TASK DESCRIPTION - Give an exact reproduction of the lines from the one with "bransoletka pozłacana z" to the final line of the entries below, both ends included, and omit the pictures.

GIVEN INFORMATION -
────────────────────────────────────────

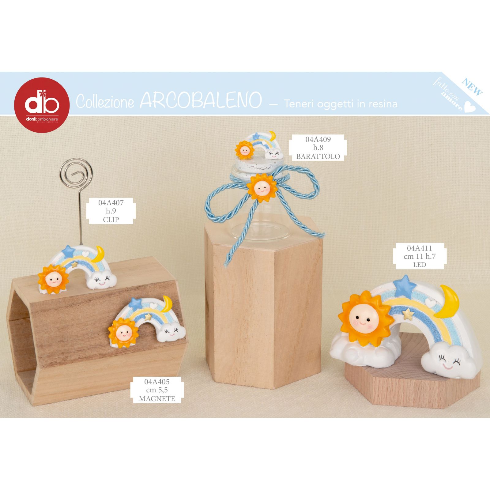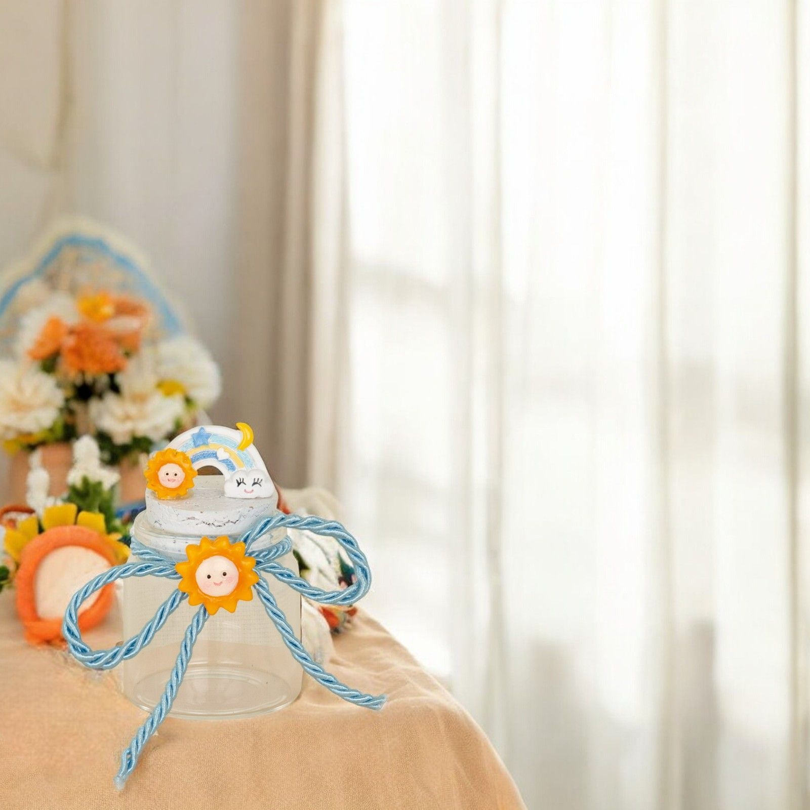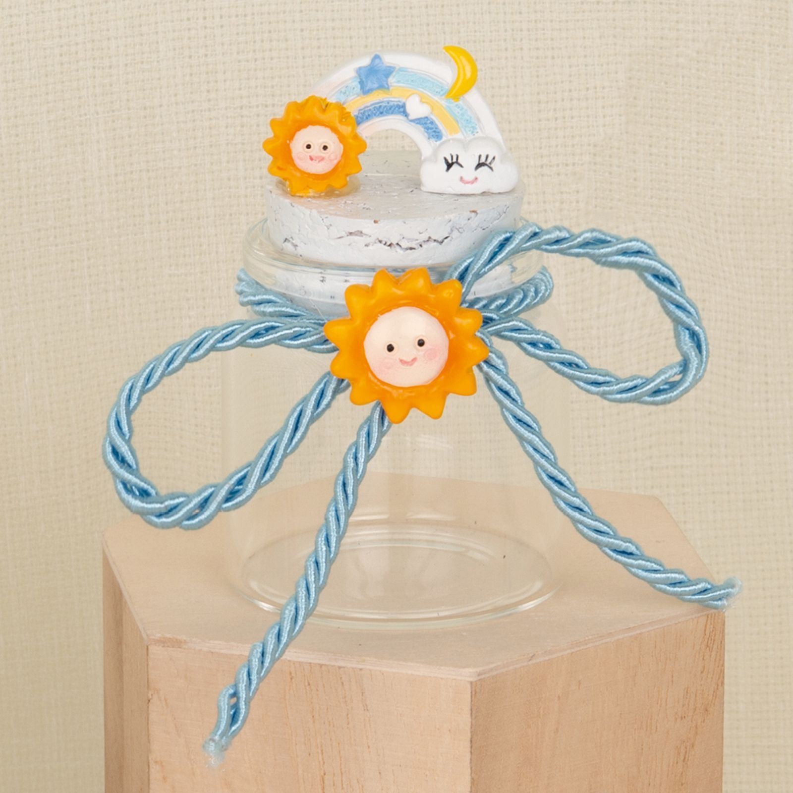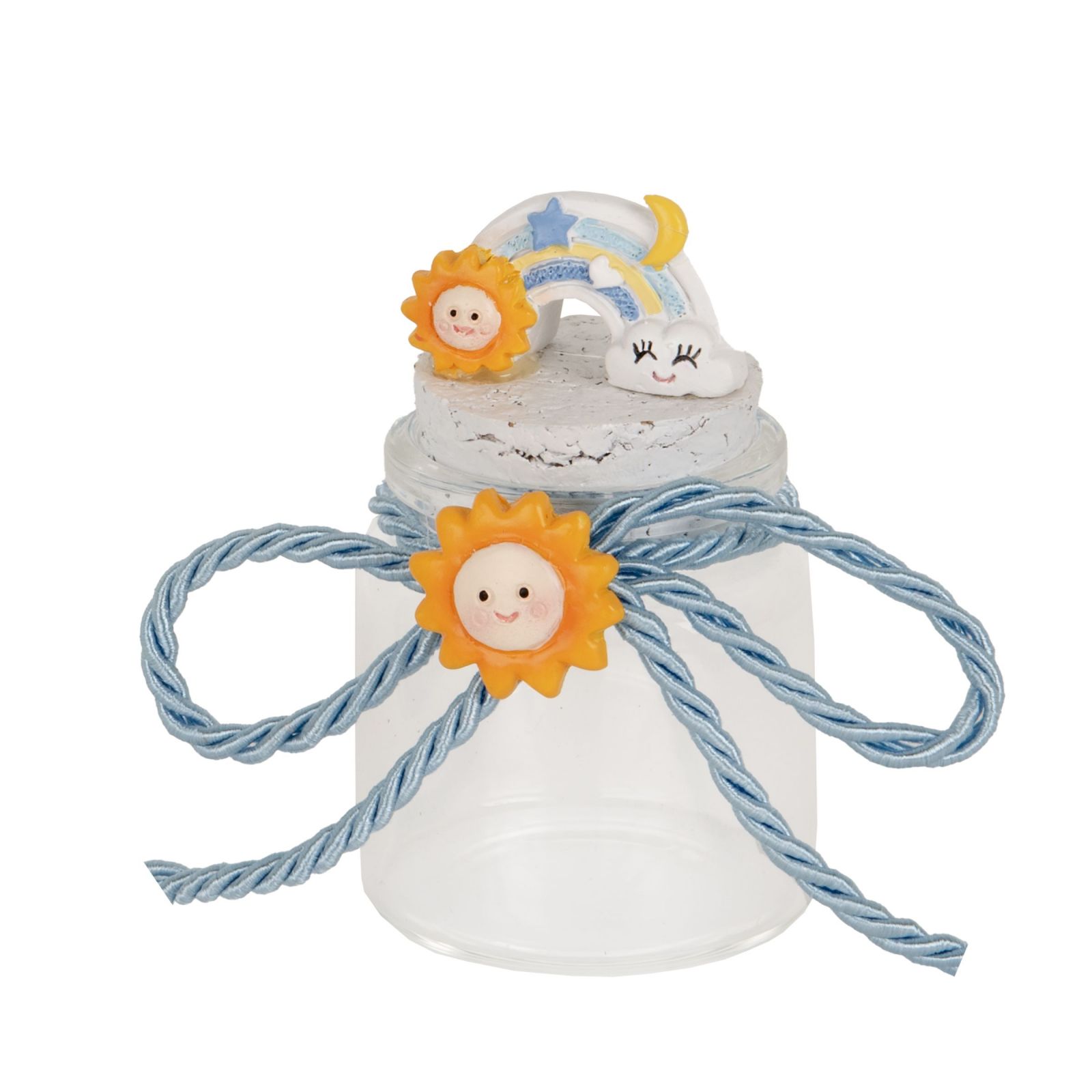 Il Barattolo con tappo decorato con arcobaleno con sole e nuvoletta sorridente è ideale per celebrare il battesimo di un bimbo. Questa bomboniera è un'idea originale e utile da regalare agli invitati come ricordo speciale di questo giorno così importante.
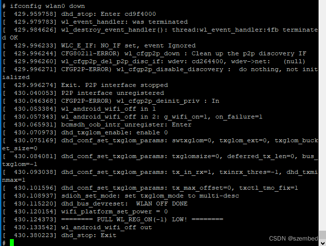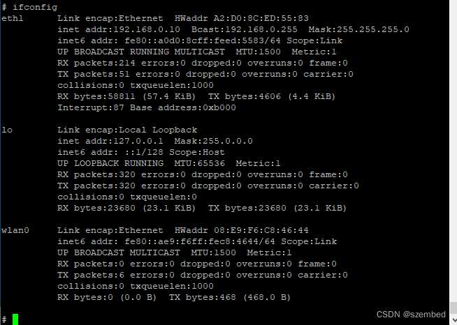 在测试当前网络时,需要把其他连接的网络关闭。在上述ifconfig指令中,可以看到除了eth0网络已经开启,wlan0网络也开启了,可以使用ifconfig命令关闭wlan0网络。
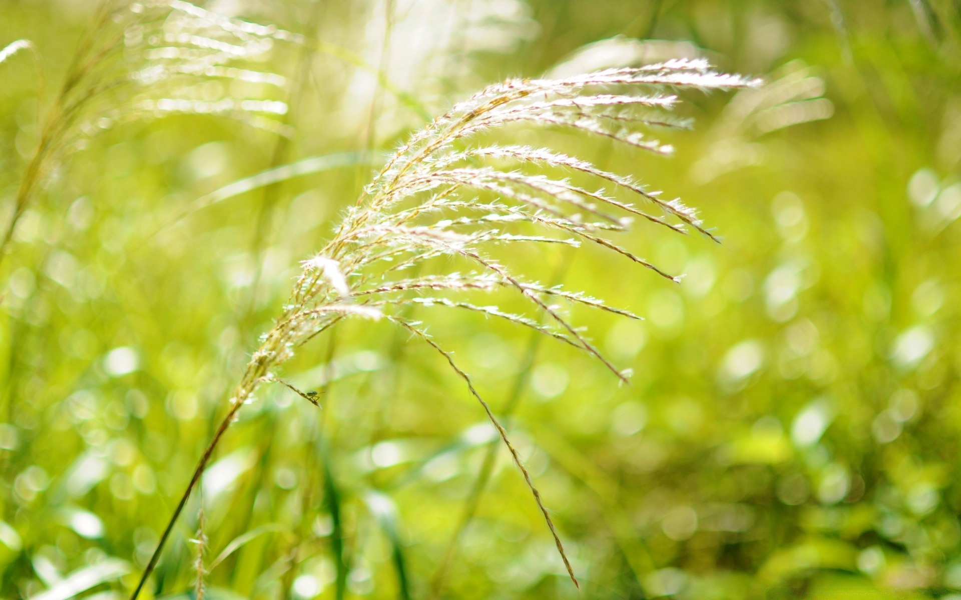 Gotas de orvalho nas pontas afiadas das folhas de grama
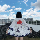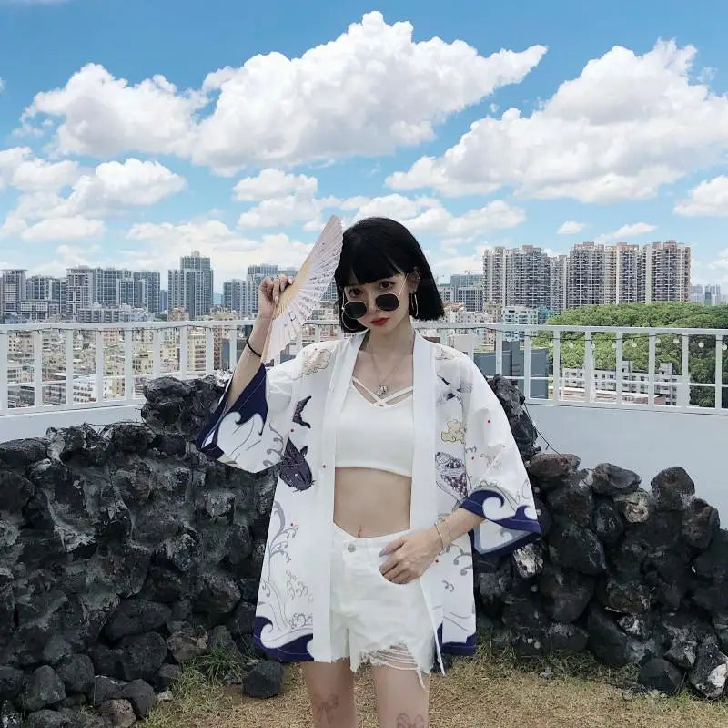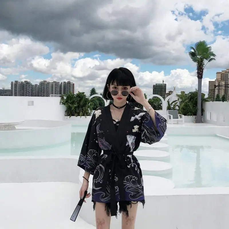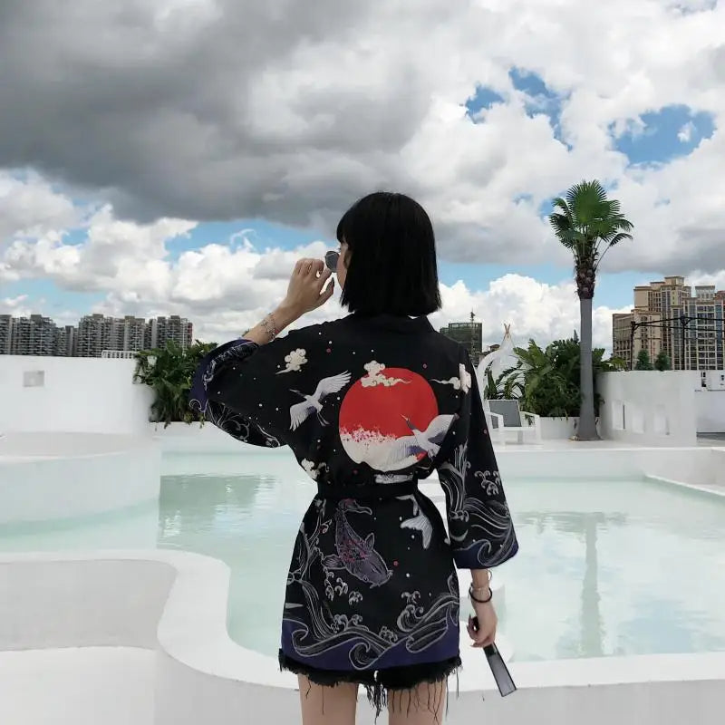 Αυτή η γυναικεία κιμονό είναι διακοσμημένη με ένα εκλεπτυσμένο μοτίβο που απεικονίζει ιαπωνικά πουλιά, σύμβολα αρμονίας και χάρης. Η άνετη και ρέουσα γραμμή της εξασφαλίζει τέλεια άνεση, είτε για μια χαλαρή εμφάνιση είτε για μια πιο επίσημη ενδυμασία.
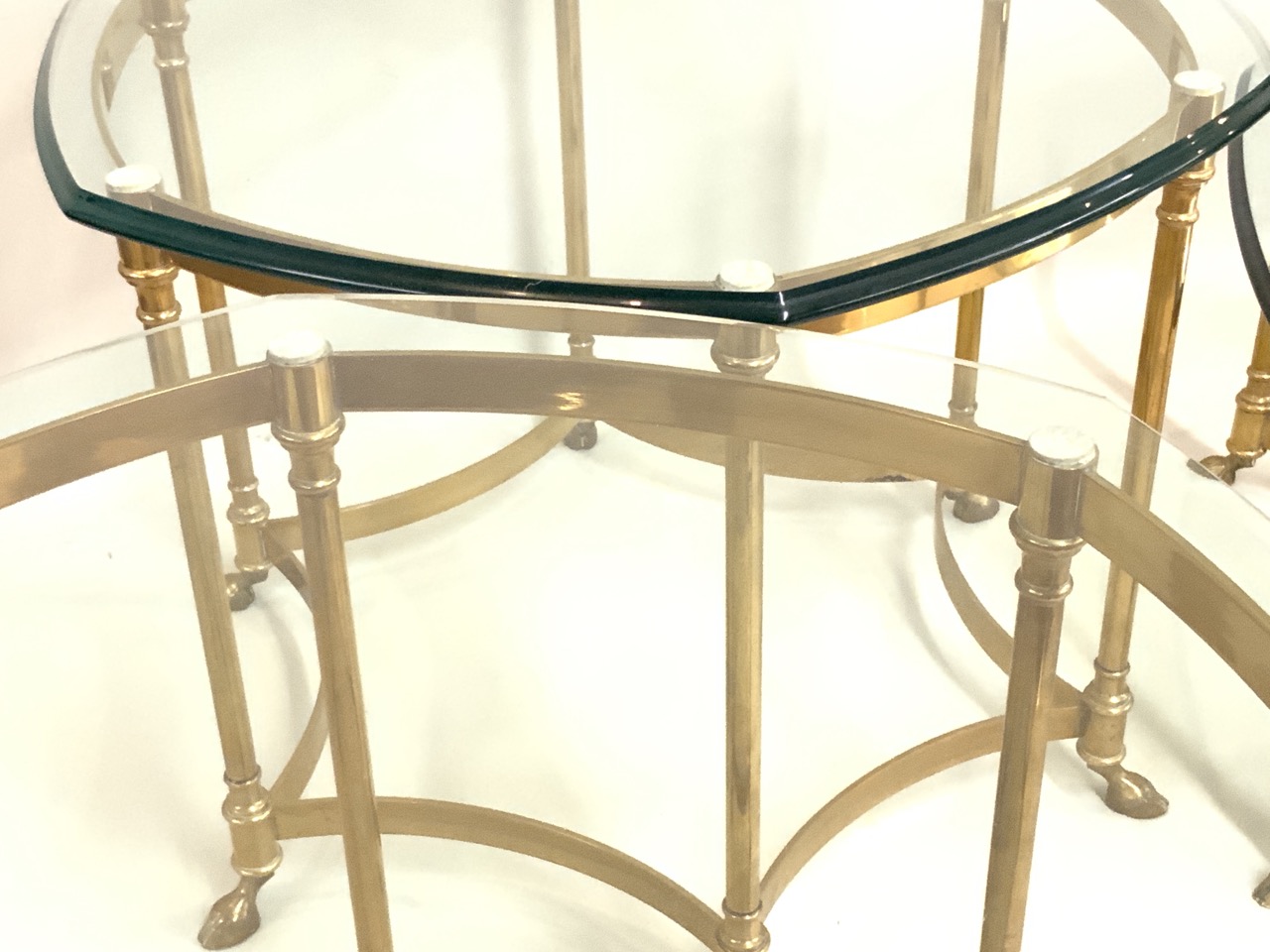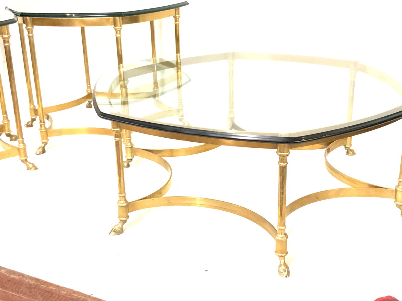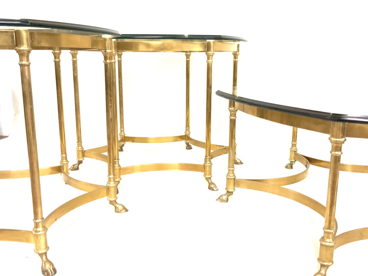 A trio of three French brass hoof foot cocktail tables with glass tops. Fine condition. High quality mid century period. One coffee low table and two side tables.
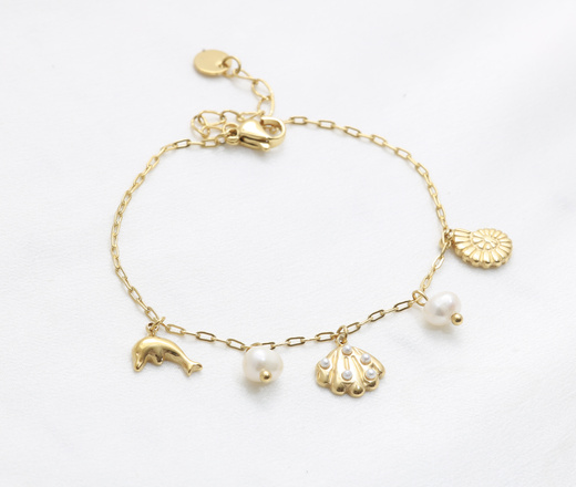 bransoletka pozłacana z perłami hodowlanymi i muszelką 1820
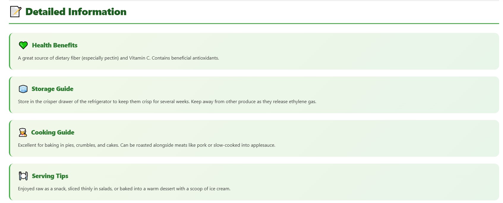 The Info/Learning Page: A comprehensive, searchable database of over 50+ common food items. Users can quickly find detailed information on 10+ critical data points, including proper defrosting, cooking temperatures, and preservation methods.

────────────────────────────────────────

RESULT -
 bransoletka pozłacana z perłami hodowlanymi i muszelką 1820
 The Info/Learning Page: A comprehensive, searchable database of over 50+ common food items. Users can quickly find detailed information on 10+ critical data points, including proper defrosting, cooking temperatures, and preservation methods.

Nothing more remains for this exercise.